I have been using the
WGCNA package (https://labs.genetics.ucla.edu/horvath/CoexpressionNetwork/Rpackages/WGCNA/faq.html) for correlation networks.
I understand what a hard threshold is: absolute value of correlation matrix, choose a cutoff (e.g. 0.85), anything above is considered connected in the network. But then there is soft thresholding which is when you exponentiate the correlation matrix and that accentuates larger connections.
How do you then decide which ones are connected or not? Do you do a hard threshold after the soft thresholding?

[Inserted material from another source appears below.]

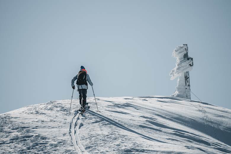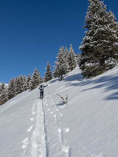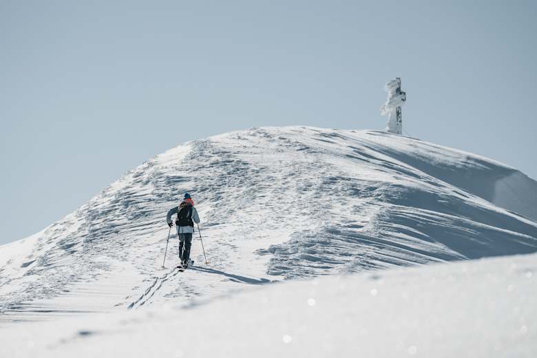 Die Route verläuft über weitläufiges, meist gut einsehbares Gelände – entweder direkt am Pistenrand oder pistennah im freien Gelände. Dadurch ist die Orientierung einfach. Abgesehen von einer etwas steileren Passage im unteren Bereich ist der Anstieg überwiegend flach bis leicht kupiert. Von der Bergstation führt ein kurzer Schlussanstieg (ca. 5–10 Minuten) zum Gipfelkreuz.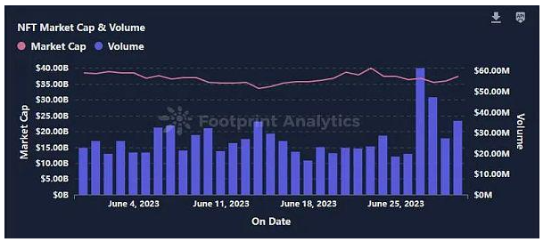 从交易量上来看,NFT 市场在 6 月份经历了一些波动。月初,交易量为 2,620 万,到 6 月 18 日下降至**点 1,659 万,月底交易量反弹至 3,586 万。6 月 27 日交易量达到 6,145万,这在很大程度上归因于 Azuki,单个系列交易量就达到了 2,000 万。

Basically, going from `|correlation|` => `exponentiated(correlation)` => `adjacency_matrix`
`One potential drawback of soft thresholding is that it is not clear how to define the directly linked neighbors of a node. A soft adjacency matrix only allows one to rank all the nodes of the network according to how strong their connection strength is with respect to the node under consideration. If a list of neighbors is requested, one needs to threshold the connection strengths, i.e. the values in the adjacency matrix. When dealing with an unweighted network, this is equivalent to the standard approach of hard thresholding the co-expression similarities since the adjacency function is monotonically increasing by definition.`
Can you change the hard threshold for the soft threshold or is that hard-coded in there? If so, what is that threshold?